Deletion of pregnancy-associated plasma protein-A (PAPP-A) is one of a number of genetic alterations that have been used to produced lineages of long-lived mice. For researchers interested in translating this sort of discovery into treatments that might modestly slow human aging, an important question is whether the mice live longer because this alteration was present throughout development and childhood, or whether the effects on life span are determined over the course of adult life. Only in the latter case would researchers be able to proceed with any confidence to work on the basis for a human treatment. To further investigate the basis for enhanced longevity in mice lacking PAPP-A, researchers have now used a form of gene therapy to delete PAPP-A in adult mice, an approach we should expect to see applied in the years ahead to all of the genetic approaches that extend life in mice. Here, they report on the results.
To date, the only known function of pregnancy-associated plasma protein-A (PAPP-A) is to enhance local insulin-like growth factor (IGF) availability for receptor activation through cleavage of inhibitory IGF binding proteins. As reduced IGF signaling has been shown to increase life span in a wide variety of species, we postulated that loss of PAPP-A would suppress IGF receptor signaling and extend life span. This was proven true in that both male and female PAPP-A knockout (KO) mice lived significantly longer than their wild-type littermates. The PAPP-A KO mice were also resistant to the development of several age-related diseases, such as atherosclerosis.
However, these mice were generated through homologous recombination in embryonic stem cells. To distinguish the impact of PAPP-A deficiency in the adult from that during fetal and early postnatal development, we developed a mouse model suitable for tamoxifen (Tam)-inducible, Cre recombinase-mediated excision of the PAPP-A gene. In an atherosclerosis-prone mouse model, Tam administration in adult mice inhibited established atherosclerotic plaque progression by 70%. In this study, we sought to answer the question of whether conditional reduction of PAPP-A gene expression in adult mice would result in extended life span.
Female mice homozygous for floxed PAPP-A (fPAPP-A) and either positive (pos) or negative (neg) for Tam-Cre were used in the life span study. fPAPP-A/neg and fPAPP-A/pos mice had similar weights at the start of the experiment and showed equivalent weight gain up to 17 months of age. We found that fPAPP-A/pos mice had a significant extension of life span. The median life span was increased by 21% for fPAPP-A/pos compared to fPAPP-A/neg mice. Mortality in life span quartiles indicates that the proportion of deaths of fPAPP-A/pos mice were lower than fPAPP-A/neg mice at young adult ages and higher than fPAPP-A/neg mice at older ages. This study is the first to show that downregulation of PAPP-A expression in adult mice can significantly extend life span.

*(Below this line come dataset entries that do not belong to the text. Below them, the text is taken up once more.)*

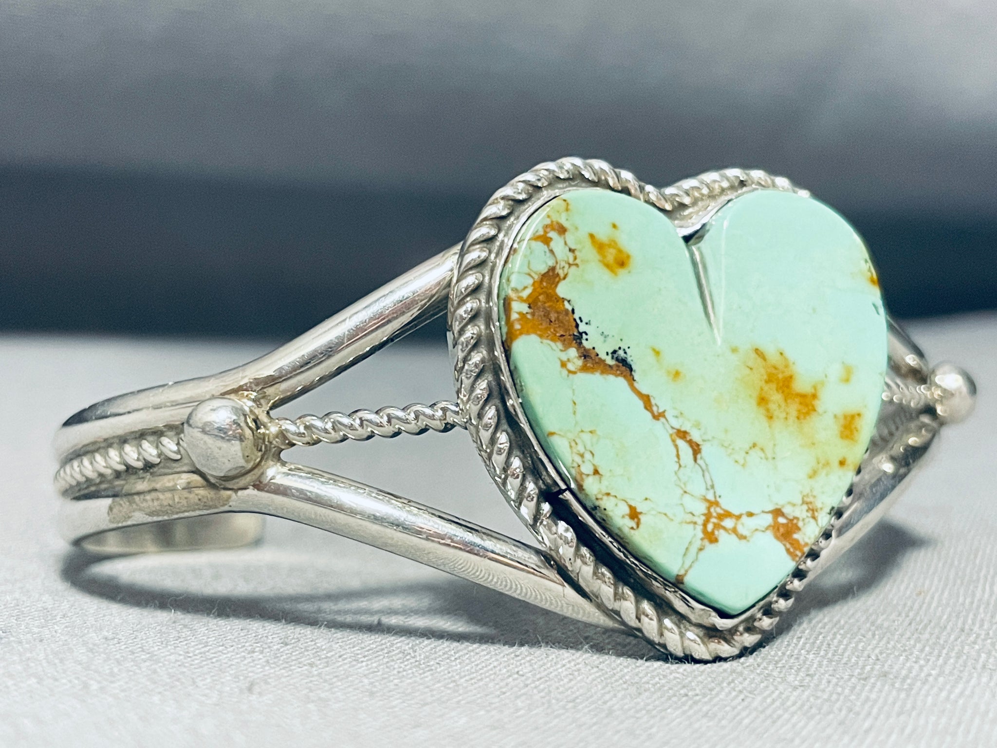 I Heart Turquoise Native American Navajo Sterling Silver Green Bracelet Cuff
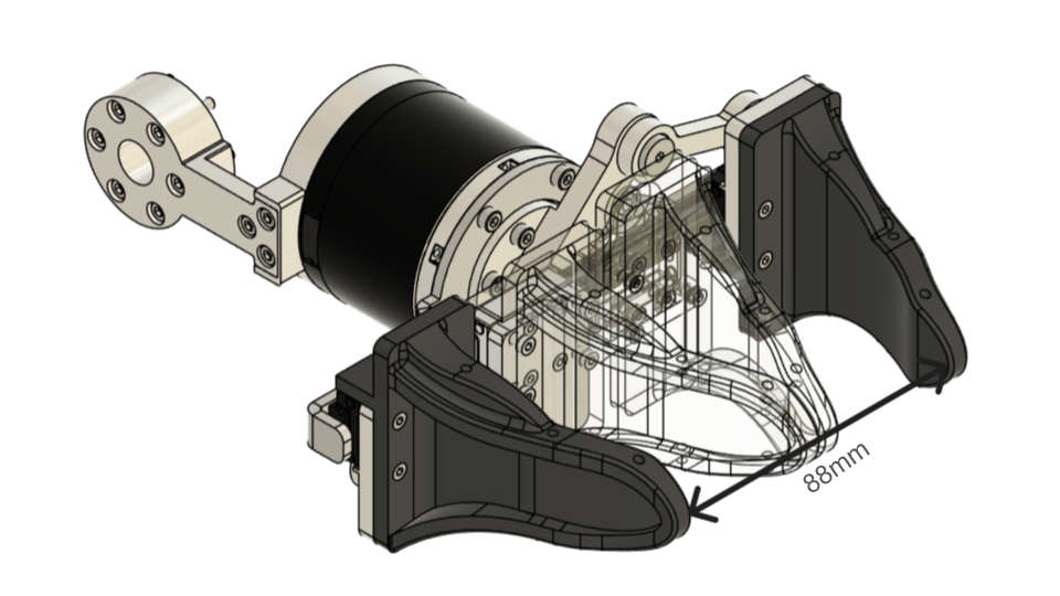 The gripper in the fully open closed position (at 60° clockwise rotation).
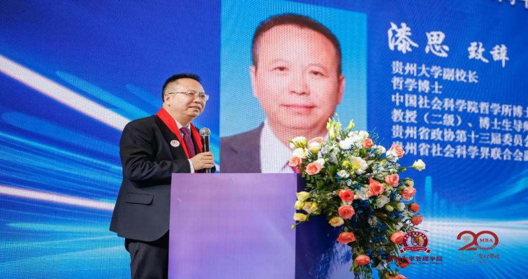 贵州大学党委委员、管理学院院长李烨教授致谢辞,李院长说:管理学院的发展特别是MBA教育项目发展壮大离不开各方的关心和大力支持,他向一直关心、支持管理学院MBA教育项目发展的各级领导、老师、校友致以诚挚的谢意。随后与大家一起回顾了管理学院MBA20年的发展足迹,讲述了管理学院MBA教育从无到有、从有到强的发展历程,并对未来MBA教育新的发展目标提出畅想。最后,李院长热切期盼大家一如既往关注、关心和支持乐动官方网站MBA的发展,并向与会的各位领导、嘉宾、老师和校友送上了最美的祝福。
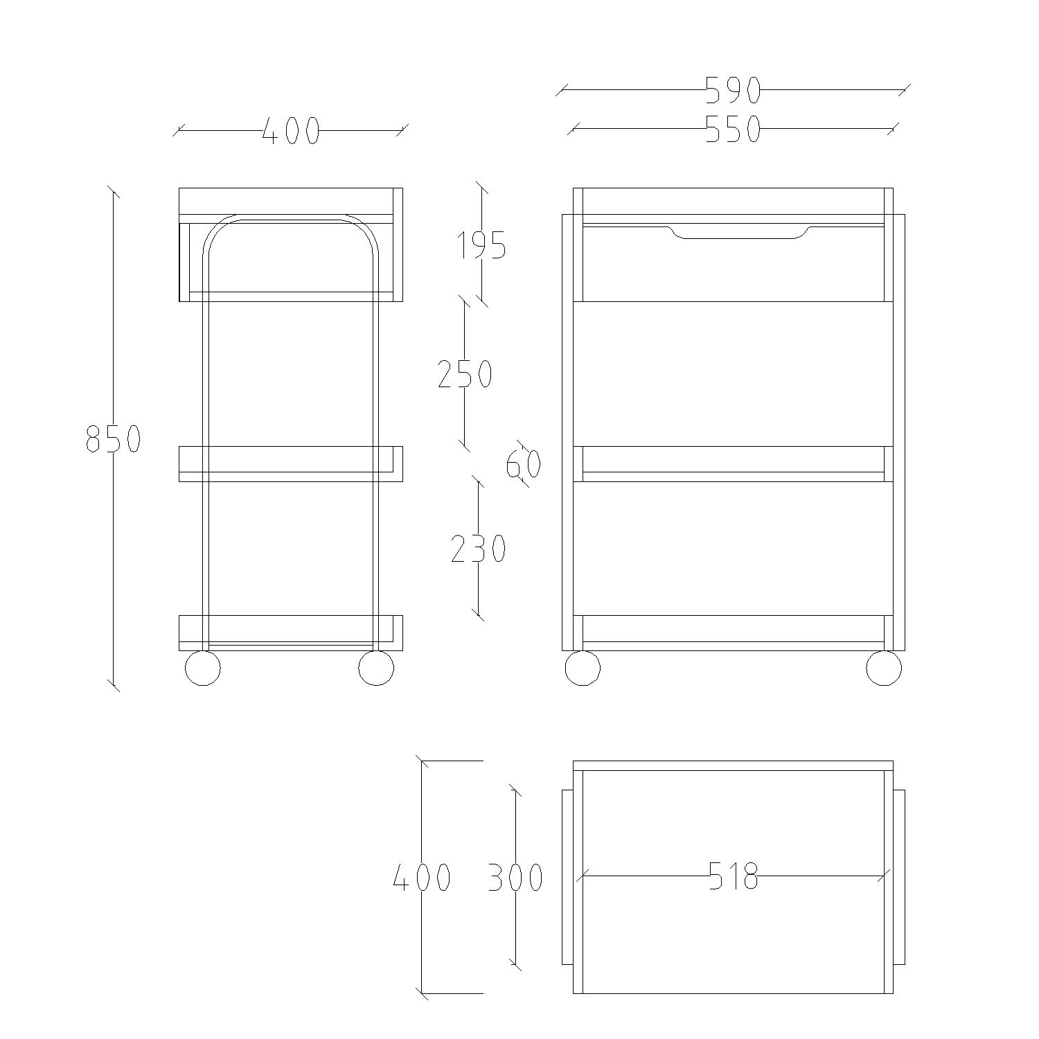 Имеет три полки и выдвижной ящик из ламинированного ДСП.
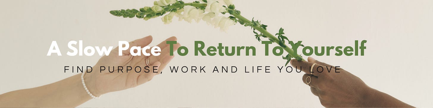 “Design a minimalist Substack banner (1200×400) with a sage green to lavender gradient. Add left-aligned serif font that says ‘A slow pace to return to yourself.’ Leave white space on the right for profile image. Style: reflective, soft, calm.”
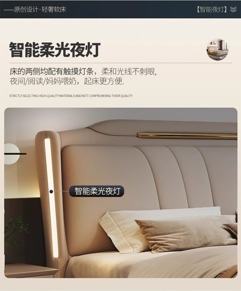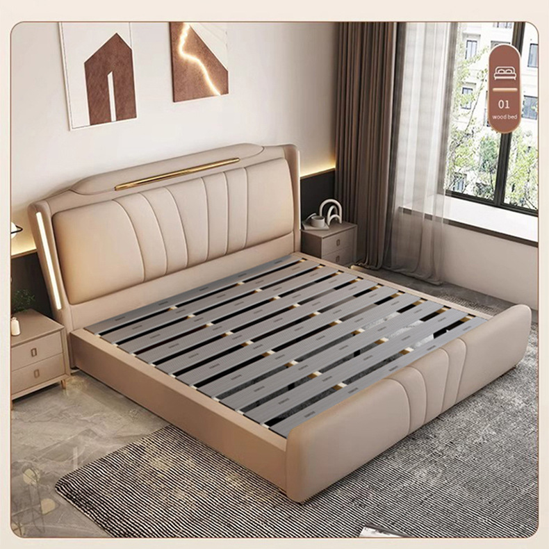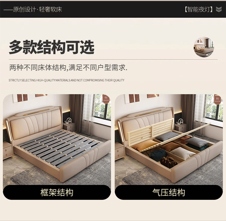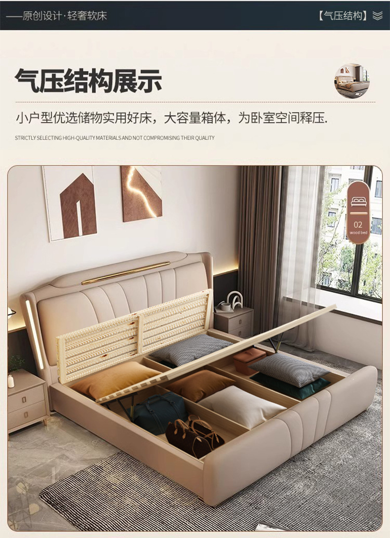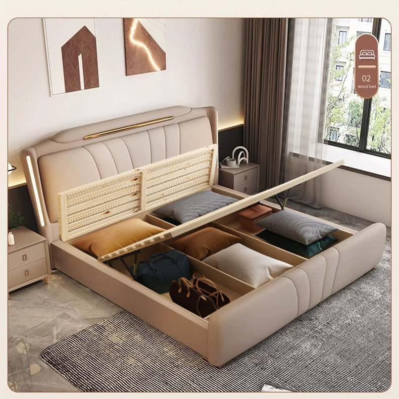 이탈리아 빛 럭셔리 나파 가죽 침대 현대 간단한 1.8X2 m 마스터 침실 더블 침대 보관 하이 엔드 소프트 백 웨딩 침대
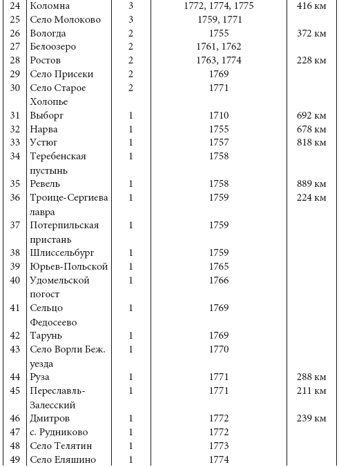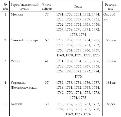 Как легко заметить, лидируют в этом списке основные торговые центры страны – Москва и Санкт-Петербург, на которые приходится примерно 31,5 % всех векселей, составленных вне Бежецка. Попавшие в этот список другие города расположены преимущественно в современных Тверской, Костромской, Новгородской, Ярославской, Московской и Вологодской областях, то есть охватывающих центральную и северо-западную Россию. Здесь же расположены и более мелкие населенные пункты. Так, Опеченская пристань – это село Новгородской области (ныне – Опеченский Посад) на правом берегу р. Меты, к юго-востоку от Боровичей, которое было важным лоцманским центром Вышневолоцкой водной системы. К этой же системе относилась и Потерпильская пристань. Удомля в настоящее время – это город на границе Тверской и Новгородской областей. Теребенская, или, правильнее, Николо-Теребенская пустынь находится в непосредственной близости от Бежецка. Определить, какая именно Рыбная слобода упоминается в бежецких документах, довольно сложно, поскольку это и название нынешнего города Рыбинска, и слободы Переславля-Залесского. Также не представляется возможным определить, какая именно Борисоглебская слобода, на которую приходится восемь векселей, имеется в виду. Вероятно, это также часть Переславля-Залесского, являвшаяся до 1764 г. монастырской слободой. Но одноименные слободы находились и под Ростовом и Ярославлем. Наиболее отдаленная точка – Ревель, в котором зафиксирован только один вексель.

Importantly, this beneficial longevity phenotype is distinct from the dwarfism of long-lived PAPP-A KO, Ames dwarf, Snell dwarf and growth hormone receptor (GHR) KO mice with germ-line mutations. Thus, downregulation of PAPP-A expression joins other treatment regimens, such as resveratrol, rapamycin and dietary restriction, which can extend life span when started in mice as adults. In a recent study, inducible knockdown of the GHR in young adult female mice increased maximal, but not median, life span. Tissue-specific PAPP-A KO models would provide insight into the tissues and organs that contribute to extended life span and healthspan.